### DATA EXTRACT
Start of Block

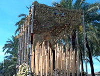 Cuando salió el misterio del Traslado al Sepulcro, en el año 66, la Virgen del Patrocinio comenzó a procesionar en una paso de palio. Los respiraderos los repujó Manuel Rodríguez para la Hermandad de la Soledad. Los candelabros de cola son de Jesús Rodríguez. El resto de las piezas son del Taller Viuda de Villarreal. Todo es de plata cofradiera. El techo del palio es de malla y bordado por Fernández y Enríquez. Las caídas son de José Antonio Cachero. El manto de terciopelo, color burdeos, lo comenzó a bordar Fernández y Enríquez en los años ochenta. Está sin terminar. Casi todas las insignias tienen un diseño muy cuidado, y sobre todas destaca la originalidad de la Cruz de Guía; es del Taller de Villarreal del año 1961.
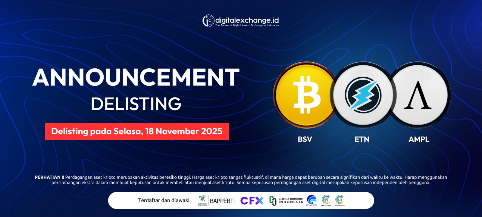 - Kami akan melakukan Delisting aset kripto BSV, ETN, AMPL pada: Selasa, 18 November 2025.
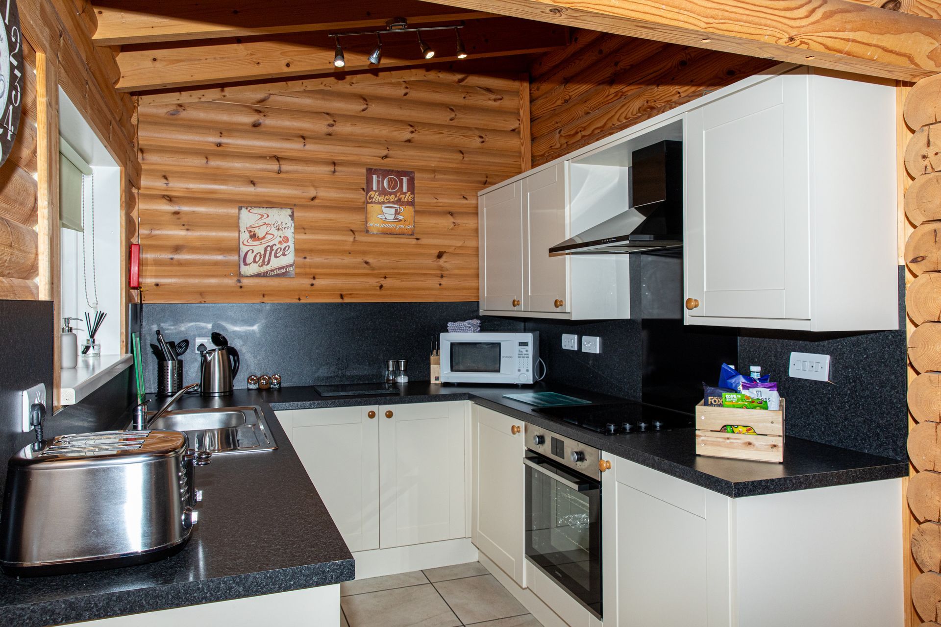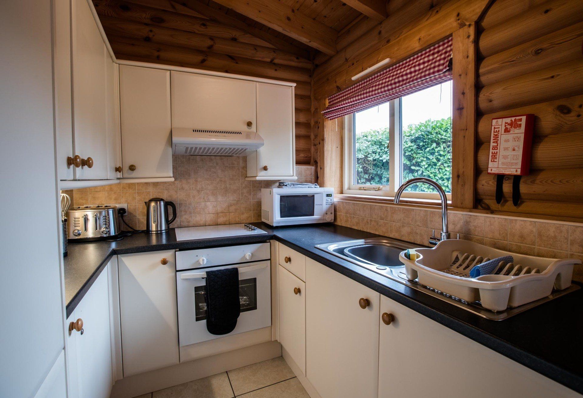 This holiday lodge has an accessible kitchen and extra wide doors for the front door, bathroom and twin bedroom.

End of Block

### PROBLEM TO WORK ON
Set the material above down again word for word. Include none of its pictures.

### RESULT OF THIS TASK
 Cuando salió el misterio del Traslado al Sepulcro, en el año 66, la Virgen del Patrocinio comenzó a procesionar en una paso de palio. Los respiraderos los repujó Manuel Rodríguez para la Hermandad de la Soledad. Los candelabros de cola son de Jesús Rodríguez. El resto de las piezas son del Taller Viuda de Villarreal. Todo es de plata cofradiera. El techo del palio es de malla y bordado por Fernández y Enríquez. Las caídas son de José Antonio Cachero. El manto de terciopelo, color burdeos, lo comenzó a bordar Fernández y Enríquez en los años ochenta. Está sin terminar. Casi todas las insignias tienen un diseño muy cuidado, y sobre todas destaca la originalidad de la Cruz de Guía; es del Taller de Villarreal del año 1961.
 - Kami akan melakukan Delisting aset kripto BSV, ETN, AMPL pada: Selasa, 18 November 2025.
 This holiday lodge has an accessible kitchen and extra wide doors for the front door, bathroom and twin bedroom.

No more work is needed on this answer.